Segment Open

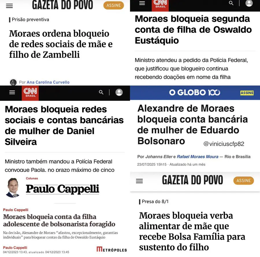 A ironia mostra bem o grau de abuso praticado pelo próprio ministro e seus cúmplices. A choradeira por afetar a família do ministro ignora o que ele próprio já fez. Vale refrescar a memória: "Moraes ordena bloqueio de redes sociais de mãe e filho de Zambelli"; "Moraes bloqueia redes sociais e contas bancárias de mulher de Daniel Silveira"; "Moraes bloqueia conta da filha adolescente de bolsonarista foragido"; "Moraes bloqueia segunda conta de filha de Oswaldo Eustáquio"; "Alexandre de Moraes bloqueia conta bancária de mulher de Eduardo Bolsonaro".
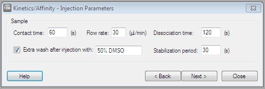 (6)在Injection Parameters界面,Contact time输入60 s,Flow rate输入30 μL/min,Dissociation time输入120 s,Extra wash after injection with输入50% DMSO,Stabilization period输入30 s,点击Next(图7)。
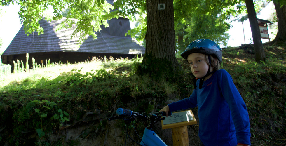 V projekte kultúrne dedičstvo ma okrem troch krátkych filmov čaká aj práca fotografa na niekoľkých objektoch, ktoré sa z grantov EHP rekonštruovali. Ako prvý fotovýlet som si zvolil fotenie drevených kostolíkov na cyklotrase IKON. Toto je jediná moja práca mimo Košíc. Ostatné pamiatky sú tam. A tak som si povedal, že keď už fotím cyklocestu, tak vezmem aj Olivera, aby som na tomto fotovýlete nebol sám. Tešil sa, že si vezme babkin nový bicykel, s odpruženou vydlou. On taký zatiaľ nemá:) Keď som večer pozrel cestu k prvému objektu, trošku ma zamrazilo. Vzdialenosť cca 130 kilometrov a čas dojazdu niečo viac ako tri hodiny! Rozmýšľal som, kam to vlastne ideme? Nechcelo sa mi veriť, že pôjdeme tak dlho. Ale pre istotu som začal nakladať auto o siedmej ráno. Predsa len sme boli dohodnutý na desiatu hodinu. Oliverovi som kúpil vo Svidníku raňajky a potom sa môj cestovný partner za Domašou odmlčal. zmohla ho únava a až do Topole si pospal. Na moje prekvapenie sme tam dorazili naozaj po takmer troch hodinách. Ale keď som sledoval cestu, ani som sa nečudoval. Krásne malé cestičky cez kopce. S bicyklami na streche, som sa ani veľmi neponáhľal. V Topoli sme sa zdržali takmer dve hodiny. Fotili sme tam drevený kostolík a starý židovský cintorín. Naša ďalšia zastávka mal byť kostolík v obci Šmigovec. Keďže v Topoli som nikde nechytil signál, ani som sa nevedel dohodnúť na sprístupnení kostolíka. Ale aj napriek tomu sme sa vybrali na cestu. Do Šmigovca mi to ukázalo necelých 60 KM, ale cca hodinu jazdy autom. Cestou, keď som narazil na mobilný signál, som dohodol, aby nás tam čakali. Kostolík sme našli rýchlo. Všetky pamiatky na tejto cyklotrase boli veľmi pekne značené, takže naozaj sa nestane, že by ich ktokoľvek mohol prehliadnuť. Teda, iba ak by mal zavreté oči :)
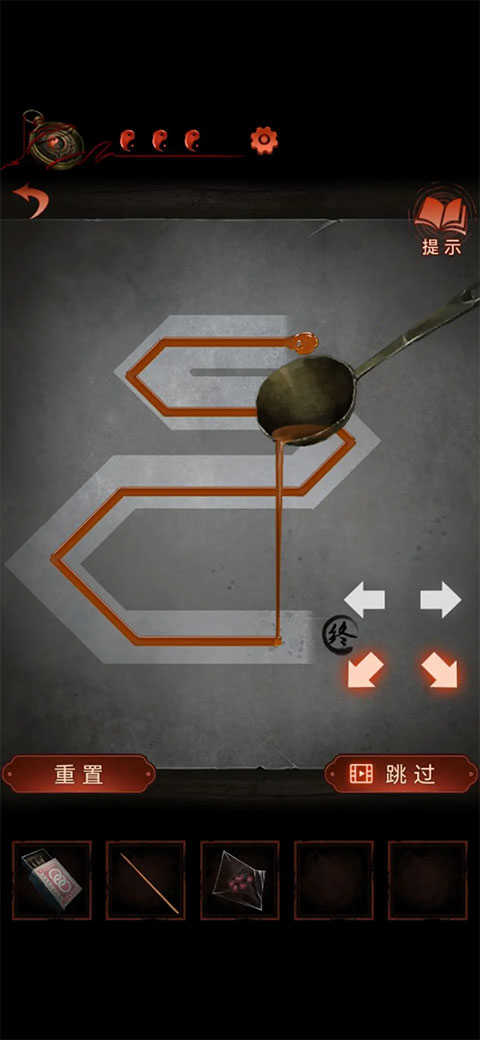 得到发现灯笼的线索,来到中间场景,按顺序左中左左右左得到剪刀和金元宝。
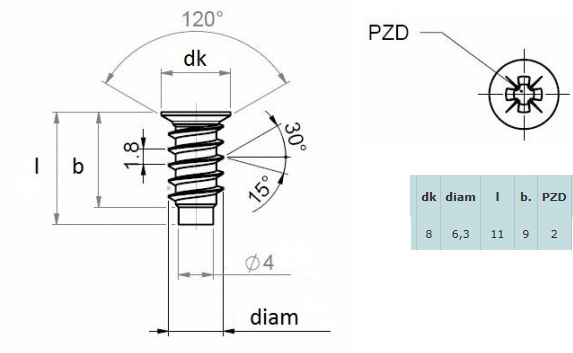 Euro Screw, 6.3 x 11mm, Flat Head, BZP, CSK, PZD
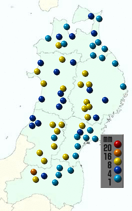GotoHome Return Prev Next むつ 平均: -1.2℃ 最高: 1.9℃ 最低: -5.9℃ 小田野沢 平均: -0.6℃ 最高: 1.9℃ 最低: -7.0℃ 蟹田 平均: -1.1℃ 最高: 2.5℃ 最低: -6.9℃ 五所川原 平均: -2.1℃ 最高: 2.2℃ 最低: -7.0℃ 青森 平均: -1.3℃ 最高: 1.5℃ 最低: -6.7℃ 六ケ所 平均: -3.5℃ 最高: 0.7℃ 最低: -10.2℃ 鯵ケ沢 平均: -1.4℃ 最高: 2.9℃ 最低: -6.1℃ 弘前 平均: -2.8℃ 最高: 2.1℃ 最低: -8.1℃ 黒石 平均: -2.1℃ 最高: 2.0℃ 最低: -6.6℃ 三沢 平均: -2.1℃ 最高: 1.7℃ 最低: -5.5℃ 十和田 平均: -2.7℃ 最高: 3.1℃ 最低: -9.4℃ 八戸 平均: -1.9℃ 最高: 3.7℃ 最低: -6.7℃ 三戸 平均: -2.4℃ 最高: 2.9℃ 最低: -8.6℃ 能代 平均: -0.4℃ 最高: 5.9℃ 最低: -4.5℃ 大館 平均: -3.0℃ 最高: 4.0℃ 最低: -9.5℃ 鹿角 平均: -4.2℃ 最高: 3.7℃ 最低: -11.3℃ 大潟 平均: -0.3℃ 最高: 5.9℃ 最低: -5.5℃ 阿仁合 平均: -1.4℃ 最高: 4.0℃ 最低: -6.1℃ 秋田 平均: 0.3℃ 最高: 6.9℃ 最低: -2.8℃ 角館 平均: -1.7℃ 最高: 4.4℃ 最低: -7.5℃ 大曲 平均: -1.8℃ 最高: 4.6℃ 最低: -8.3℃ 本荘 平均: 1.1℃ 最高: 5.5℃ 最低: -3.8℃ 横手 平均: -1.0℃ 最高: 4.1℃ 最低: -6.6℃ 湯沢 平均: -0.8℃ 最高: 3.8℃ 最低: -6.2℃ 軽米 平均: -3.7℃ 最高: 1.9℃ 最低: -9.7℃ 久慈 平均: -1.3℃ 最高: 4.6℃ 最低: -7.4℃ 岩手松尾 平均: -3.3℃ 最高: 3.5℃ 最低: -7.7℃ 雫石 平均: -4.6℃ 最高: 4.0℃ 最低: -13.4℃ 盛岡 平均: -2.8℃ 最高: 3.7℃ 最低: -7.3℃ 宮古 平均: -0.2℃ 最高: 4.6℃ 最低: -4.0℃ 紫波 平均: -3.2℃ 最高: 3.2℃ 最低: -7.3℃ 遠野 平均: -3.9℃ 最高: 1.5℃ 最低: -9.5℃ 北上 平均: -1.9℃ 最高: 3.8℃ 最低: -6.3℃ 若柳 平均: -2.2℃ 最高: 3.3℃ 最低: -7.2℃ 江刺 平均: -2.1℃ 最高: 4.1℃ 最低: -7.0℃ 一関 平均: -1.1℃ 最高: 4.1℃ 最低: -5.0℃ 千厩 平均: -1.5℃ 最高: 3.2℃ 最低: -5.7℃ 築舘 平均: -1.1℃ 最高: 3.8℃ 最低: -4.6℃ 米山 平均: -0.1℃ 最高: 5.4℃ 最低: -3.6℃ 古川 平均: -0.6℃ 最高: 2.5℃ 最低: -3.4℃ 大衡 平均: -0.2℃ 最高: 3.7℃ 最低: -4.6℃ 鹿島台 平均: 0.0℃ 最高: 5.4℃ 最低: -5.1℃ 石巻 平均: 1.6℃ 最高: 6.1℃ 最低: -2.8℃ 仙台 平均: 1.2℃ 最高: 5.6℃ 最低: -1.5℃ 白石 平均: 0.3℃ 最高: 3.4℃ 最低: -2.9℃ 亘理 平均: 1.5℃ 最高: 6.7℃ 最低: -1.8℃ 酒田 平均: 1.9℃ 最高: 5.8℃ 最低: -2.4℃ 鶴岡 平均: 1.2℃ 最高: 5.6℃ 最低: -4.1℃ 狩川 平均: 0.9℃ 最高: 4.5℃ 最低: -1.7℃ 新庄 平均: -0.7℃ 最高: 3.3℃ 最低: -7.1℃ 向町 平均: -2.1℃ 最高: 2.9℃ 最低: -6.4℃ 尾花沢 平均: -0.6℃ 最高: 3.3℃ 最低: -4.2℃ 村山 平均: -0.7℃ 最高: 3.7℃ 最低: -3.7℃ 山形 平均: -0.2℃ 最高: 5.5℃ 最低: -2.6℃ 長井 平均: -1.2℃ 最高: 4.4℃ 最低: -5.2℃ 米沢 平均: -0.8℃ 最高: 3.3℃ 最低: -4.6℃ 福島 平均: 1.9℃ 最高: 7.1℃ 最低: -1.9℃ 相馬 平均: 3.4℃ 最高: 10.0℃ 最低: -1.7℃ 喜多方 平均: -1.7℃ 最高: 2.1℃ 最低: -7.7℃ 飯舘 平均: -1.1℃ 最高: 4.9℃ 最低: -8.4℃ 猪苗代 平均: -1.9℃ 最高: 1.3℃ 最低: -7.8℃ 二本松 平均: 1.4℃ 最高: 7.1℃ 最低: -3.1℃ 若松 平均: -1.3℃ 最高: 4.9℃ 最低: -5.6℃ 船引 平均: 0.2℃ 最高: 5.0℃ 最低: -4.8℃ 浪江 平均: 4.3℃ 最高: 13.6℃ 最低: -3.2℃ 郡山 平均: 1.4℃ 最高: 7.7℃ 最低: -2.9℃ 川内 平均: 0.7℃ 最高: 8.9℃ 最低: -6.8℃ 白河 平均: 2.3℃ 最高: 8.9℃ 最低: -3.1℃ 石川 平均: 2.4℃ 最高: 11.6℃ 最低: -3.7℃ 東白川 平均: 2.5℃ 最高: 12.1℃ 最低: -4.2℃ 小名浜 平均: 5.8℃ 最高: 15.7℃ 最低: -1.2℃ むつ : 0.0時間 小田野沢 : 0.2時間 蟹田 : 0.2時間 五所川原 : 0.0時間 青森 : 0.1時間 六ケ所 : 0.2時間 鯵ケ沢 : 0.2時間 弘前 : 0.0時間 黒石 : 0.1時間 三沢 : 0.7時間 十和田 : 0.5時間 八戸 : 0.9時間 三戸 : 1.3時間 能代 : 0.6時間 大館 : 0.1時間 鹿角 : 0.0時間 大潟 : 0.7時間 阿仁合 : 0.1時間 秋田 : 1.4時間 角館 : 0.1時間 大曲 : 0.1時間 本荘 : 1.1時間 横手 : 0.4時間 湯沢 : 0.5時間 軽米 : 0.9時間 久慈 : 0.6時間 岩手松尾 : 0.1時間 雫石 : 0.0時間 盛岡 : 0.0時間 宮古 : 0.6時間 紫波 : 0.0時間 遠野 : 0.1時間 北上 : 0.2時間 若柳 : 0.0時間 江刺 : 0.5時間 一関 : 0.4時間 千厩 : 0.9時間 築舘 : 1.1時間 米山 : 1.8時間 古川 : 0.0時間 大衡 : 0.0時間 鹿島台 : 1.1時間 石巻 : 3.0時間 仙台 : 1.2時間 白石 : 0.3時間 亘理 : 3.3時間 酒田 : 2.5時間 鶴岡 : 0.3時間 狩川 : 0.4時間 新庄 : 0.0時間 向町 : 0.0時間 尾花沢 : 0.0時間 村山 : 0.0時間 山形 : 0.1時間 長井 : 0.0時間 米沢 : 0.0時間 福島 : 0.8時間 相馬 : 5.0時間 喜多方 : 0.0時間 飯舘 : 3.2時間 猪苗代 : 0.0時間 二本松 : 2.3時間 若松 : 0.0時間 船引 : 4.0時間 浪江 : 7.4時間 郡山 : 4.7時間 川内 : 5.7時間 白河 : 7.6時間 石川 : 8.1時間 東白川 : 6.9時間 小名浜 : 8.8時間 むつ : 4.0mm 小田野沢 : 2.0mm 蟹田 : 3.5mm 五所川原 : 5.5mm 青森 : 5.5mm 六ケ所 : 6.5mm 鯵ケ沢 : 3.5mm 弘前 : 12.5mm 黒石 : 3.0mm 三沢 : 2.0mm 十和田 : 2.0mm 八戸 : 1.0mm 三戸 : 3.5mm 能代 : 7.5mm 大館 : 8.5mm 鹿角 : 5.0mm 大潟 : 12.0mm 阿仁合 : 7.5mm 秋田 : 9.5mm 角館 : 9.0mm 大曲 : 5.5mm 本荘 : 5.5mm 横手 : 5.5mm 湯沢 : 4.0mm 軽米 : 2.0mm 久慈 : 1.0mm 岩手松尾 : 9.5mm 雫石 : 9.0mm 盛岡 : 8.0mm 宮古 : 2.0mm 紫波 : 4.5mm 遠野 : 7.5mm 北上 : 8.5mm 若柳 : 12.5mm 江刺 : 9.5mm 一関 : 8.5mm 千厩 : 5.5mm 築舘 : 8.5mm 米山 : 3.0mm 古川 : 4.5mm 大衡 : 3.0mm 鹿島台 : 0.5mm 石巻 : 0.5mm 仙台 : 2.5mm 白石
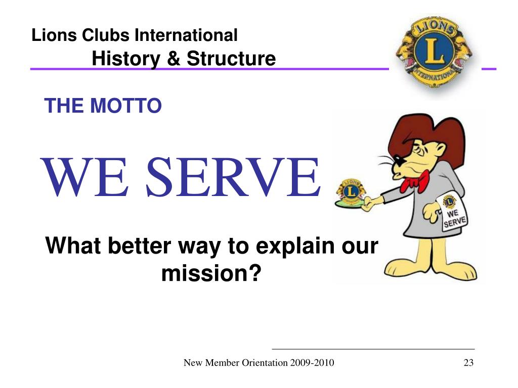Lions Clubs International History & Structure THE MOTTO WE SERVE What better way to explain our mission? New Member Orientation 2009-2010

Segment Closed

Task directions: Lines from the start of the material through the line containing "(6)在Injection Parameters界面,Contact time输入60" are to be restated word for word; no picture may be included.

Answer for the task:
 A ironia mostra bem o grau de abuso praticado pelo próprio ministro e seus cúmplices. A choradeira por afetar a família do ministro ignora o que ele próprio já fez. Vale refrescar a memória: "Moraes ordena bloqueio de redes sociais de mãe e filho de Zambelli"; "Moraes bloqueia redes sociais e contas bancárias de mulher de Daniel Silveira"; "Moraes bloqueia conta da filha adolescente de bolsonarista foragido"; "Moraes bloqueia segunda conta de filha de Oswaldo Eustáquio"; "Alexandre de Moraes bloqueia conta bancária de mulher de Eduardo Bolsonaro".
 (6)在Injection Parameters界面,Contact time输入60 s,Flow rate输入30 μL/min,Dissociation time输入120 s,Extra wash after injection with输入50% DMSO,Stabilization period输入30 s,点击Next(图7)。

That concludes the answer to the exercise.